Wait for a process to finish

Solution 1:

To wait for any process to finish

Linux:

tail --pid=$pid -f /dev/null

Darwin (requires that $pid has open files):

lsof -p $pid +r 1 &>/dev/null

With timeout (seconds)

Linux:

timeout $timeout tail --pid=$pid -f /dev/null

Darwin (requires that $pid has open files):

lsof -p $pid +r 1m%s -t | grep -qm1 $(date -v+${timeout}S +%s 2>/dev/null || echo INF)

Solution 2:

There's no builtin. Use kill -0 in a loop for a workable solution:

anywait(){

    for pid in "$@"; do
        while kill -0 "$pid"; do
            sleep 0.5
        done
    done
}

Or as a simpler oneliner for easy one time usage:

while kill -0 PIDS 2> /dev/null; do sleep 1; done;

As noted by several commentators, if you want to wait for processes that you do not have the privilege to send signals to, you have find some other way to detect if the process is running to replace the kill -0 $pid call. On Linux, test -d "/proc/$pid" works, on other systems you might have to use pgrep (if available) or something like ps | grep "^$pid ".

Solution 3:

I found "kill -0" does not work if the process is owned by root (or other), so I used pgrep and came up with:

while pgrep -u root process_name > /dev/null; do sleep 1; done

This would have the disadvantage of probably matching zombie processes.

Solution 4:

This bash script loop ends if the process does not exist, or it's a zombie.

PID=<pid to watch>
while s=`ps -p $PID -o s=` && [[ "$s" && "$s" != 'Z' ]]; do
    sleep 1
done

EDIT: The above script was given below by Rockallite. Thanks!

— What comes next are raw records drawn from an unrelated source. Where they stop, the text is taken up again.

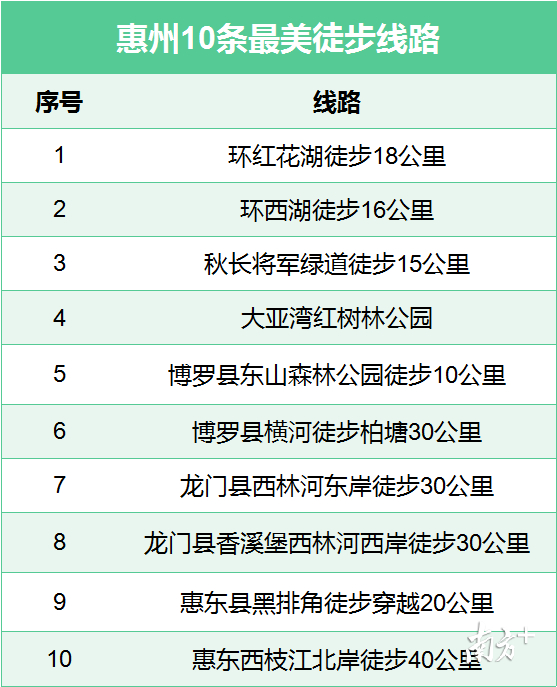 城在山水中,家在花园里。集山、江、湖、海、泉、岛于一体的惠州,坐拥好山好水好空气,可谓“天生丽质”,有不少适合徒步的绝佳去处。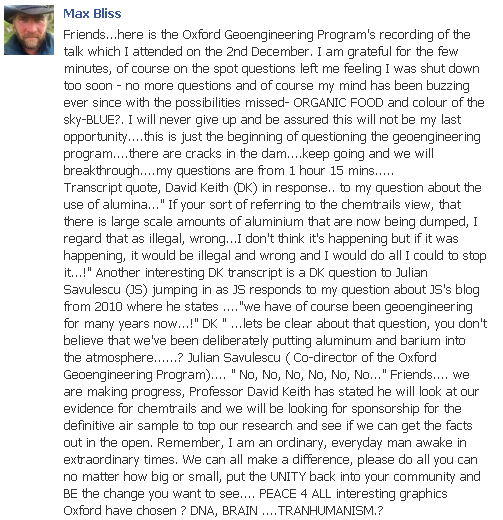 Friends.... many of you know that we are approaching a crunch point as more and more people are waking up to the likely reality, that there really may well be something going on untoward in our atmosphere. Recently I talked with professor David Keith during my questions, solely on SRM concerning alumina, he began to answer and oddly he switched to chemtrails,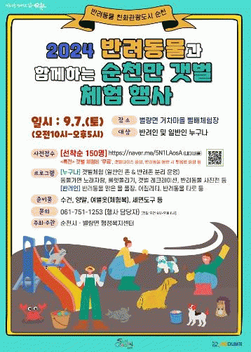 [¹Ìµð¾îÀü³² ÀÓ¼º¿Ï ±âÀÚ]¼øÃµ½Ã º°·®¸éÇàÁ¤º¹Áö¼¾ÅÍ´Â 2024³â ¹Ý·Áµ¿¹°Ä£È°ü±¤µµ½Ã Á¶¼º»ç¾÷°ú ¿¬°èÇÑ '2024 ¹Ý·Áµ¿¹°°ú ÇÔ²²ÇÏ´Â ¼øÃµ¸¸ °¹¹ú üÇèÇà»ç'¸¦ ¿À´Â 9¿ù 7ÀÏ Åä¿äÀÏ ¿ÀÀü 10½ÃºÎÅÍ ¼øÃµ¸¸ ûÁ¤ °¹¹úÀÇ ¾Æ¸§´Ù¿òÀ» ´À³¥ ¼ö ¡¦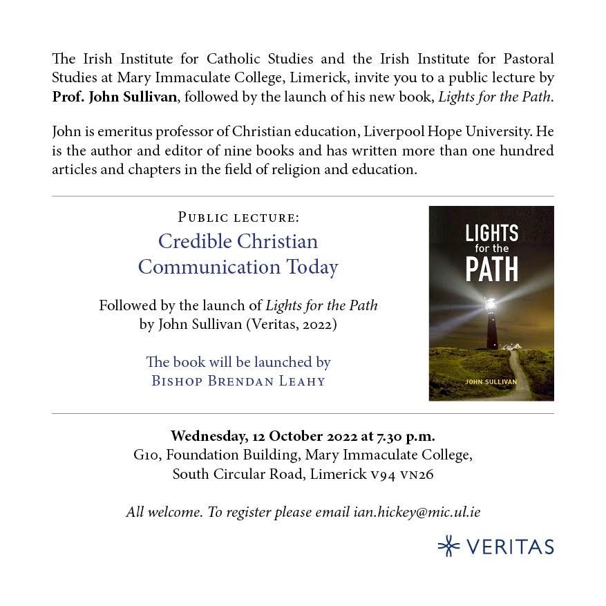 Public Lecture on ‘Credible Christian Communication Today’ by Prof. John Sullivan and book launch of ‘Lights for the Path’ by Bishop Brendan Leahy.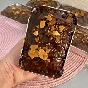 Brownie irresistível coberto com nosso delicioso brigadeiro 50% Cacau.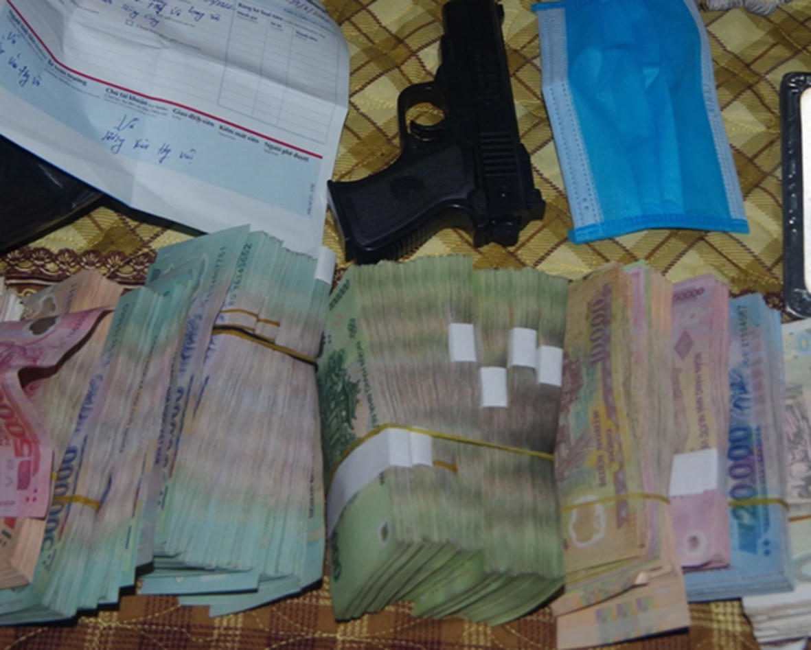 Cũng do mê game "tài xỉu" qua mạng nên đối tượng tiếp tục chơi và bị thua, phải “cắm” chiếc xe ô tô Kia K3 là tài sản vợ chồng tích góp mua được, lấy 270 triệu để trả nợ. Sợ bố mẹ, vợ con biết chuyện, đối tượng đi cướp ngân hàng lấy tiền trả nợ. Gần 700 triệu cướp được, đối tượng mang 290 triệu đi trả nợ, đưa thêm chủ nợ 20 triệu vì đang mượn xe máy (chính là chiếc xe sử dụng đi gây án)... Ngoài ra, đối tượng cũng đang nợ tiền một số người khác, mỗi nơi ước tính vài chục triệu đồng.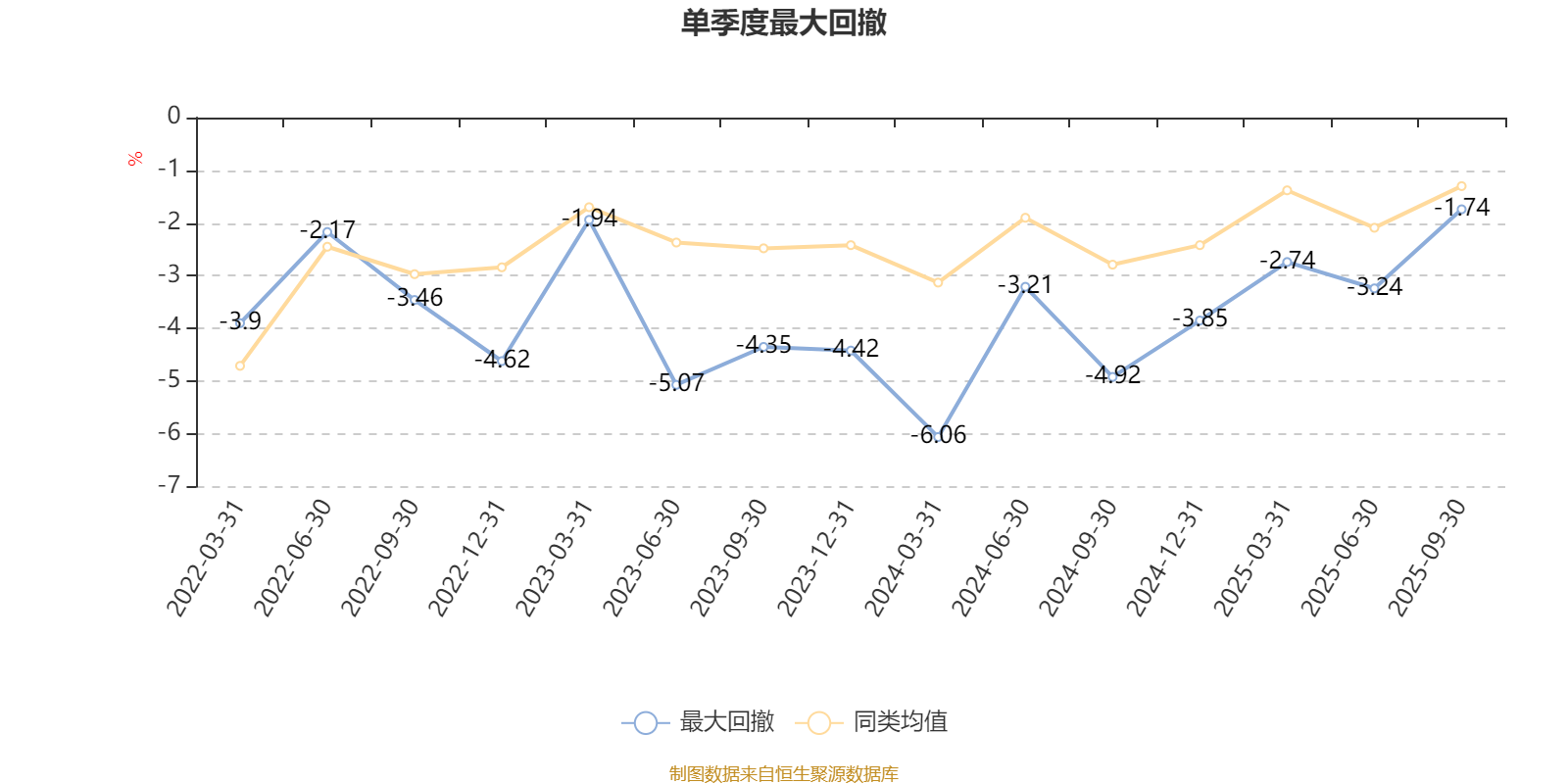 截至10月27日,基金近三年最大回撤为15.78%,同类可比基金排名495/535。单季度最大回撤出现在2024年一季度,为6.06%。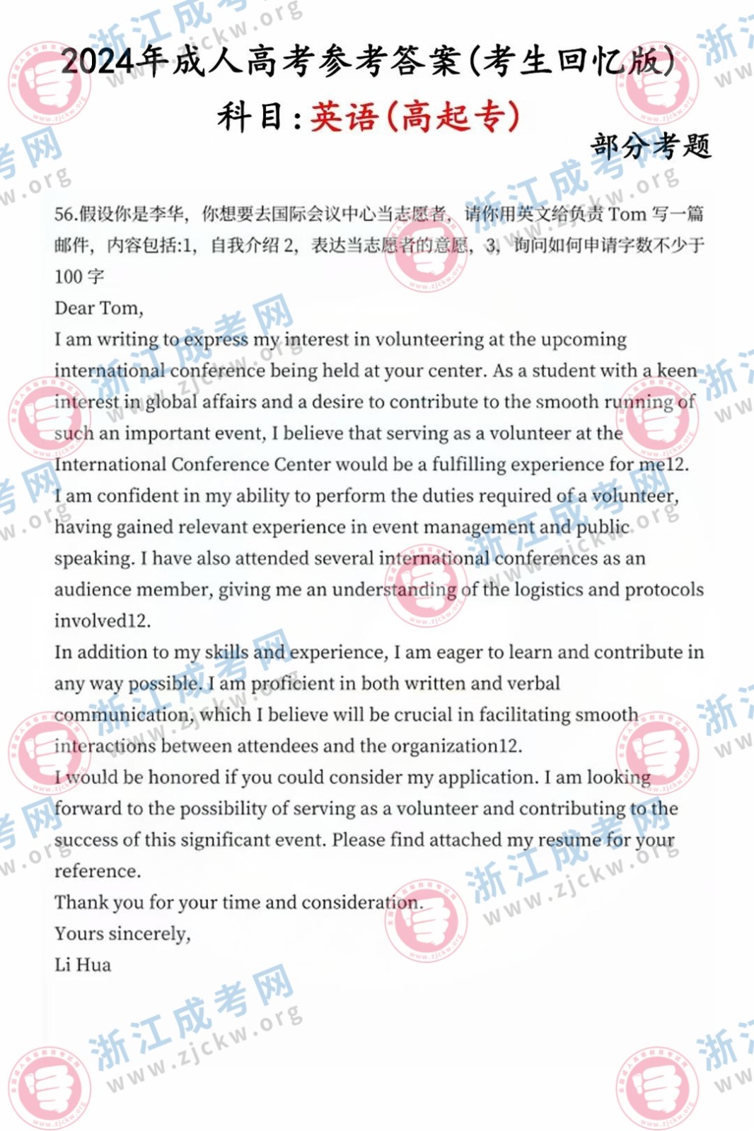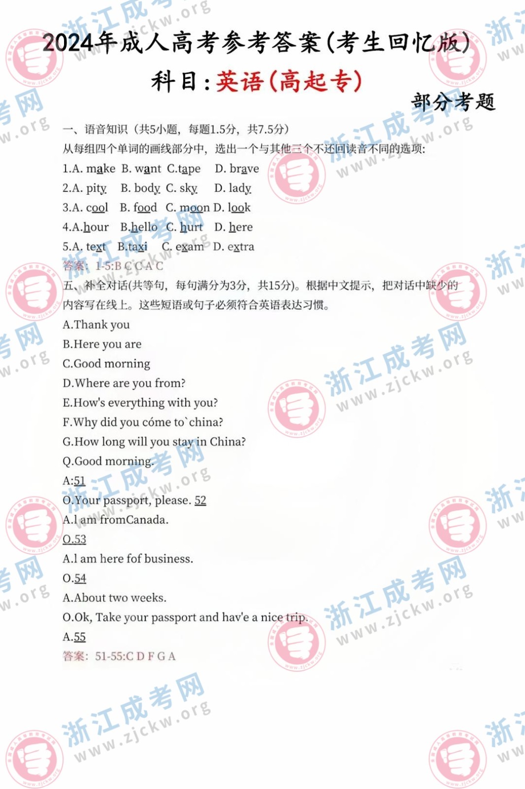 杭州成考網(wǎng)為廣大考生提供2024年成人高考全國(guó)統(tǒng)一考試(高起點(diǎn)英語)真題答案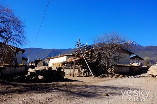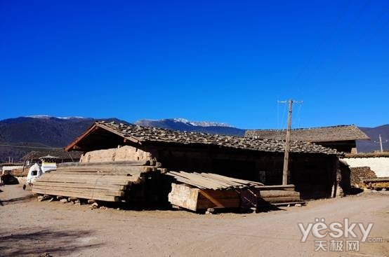 村口堆着一些圆木,稀疏的长着几颗枯树,与雪山小镇的景色又有所不同,只有背后蔚蓝的天、连绵的山在告诉你,这是西藏,也多谢X100能够让我如此还原当时的色彩。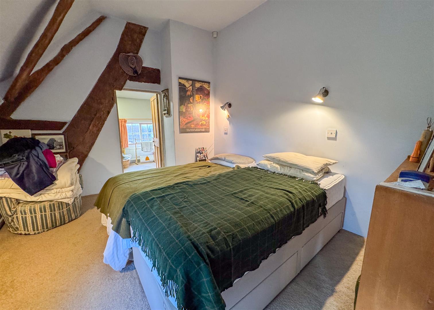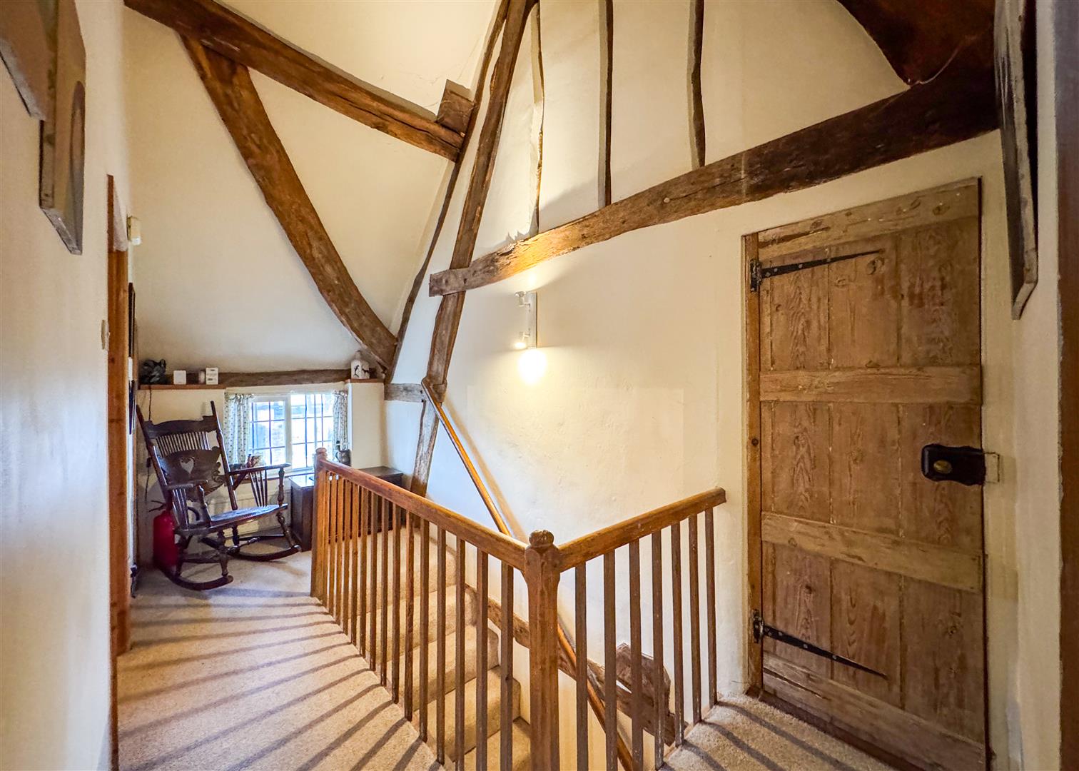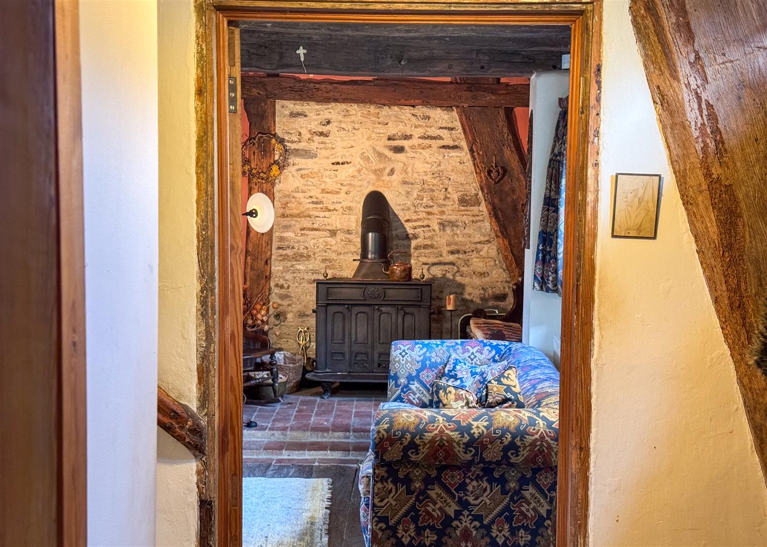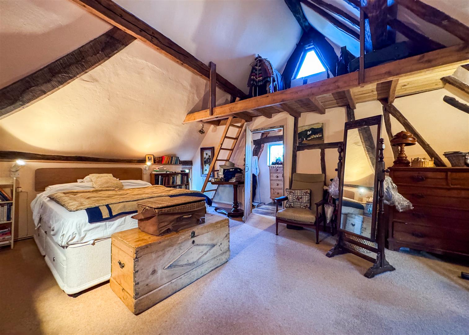 Inside, centuries of craftsmanship are immediately evident. The beautiful lounge is a standout feature, with exposed beams, original timberwork and a feature stone fireplace housing a log burning stove. It is a warm and atmospheric space, perfect for relaxed evenings by the fire. The ground floor also includes a welcoming dining room, a separate study, a charming country style kitchen, two bathrooms and a convenient downstairs WC, providing practical and flexible living for families or guests. Upstairs, the principal bedroom is a truly impressive space. Vaulted ceilings and ancient beams create a dramatic backdrop, while the unique mezzanine level adds versatility as a reading nook, dressing area or quiet workspace. Two additional bedrooms continue the theme of character and charm, each enjoying views across the gardens.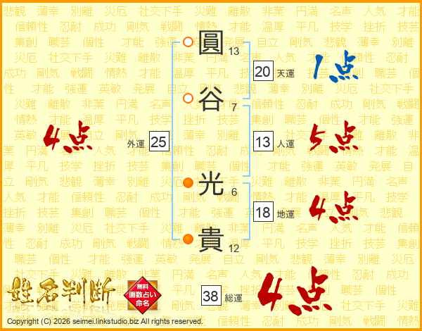 圓(13画)谷(7画) 光(6画)貴(12画)

My orignal answer below works for Linux, relying on procfs i.e. /proc/. I don't know its portability:

while [[ ( -d /proc/$PID ) && ( -z `grep zombie /proc/$PID/status` ) ]]; do
    sleep 1
done

It's not limited to shell, but OS's themselves do not have system calls to watch non-child process termination.

Solution 5:

FreeBSD and Solaris have this handy pwait(1) utility, which does exactly, what you want.

I believe, other modern OSes also have the necessary system calls too (MacOS, for example, implements BSD's kqueue), but not all make it available from command-line.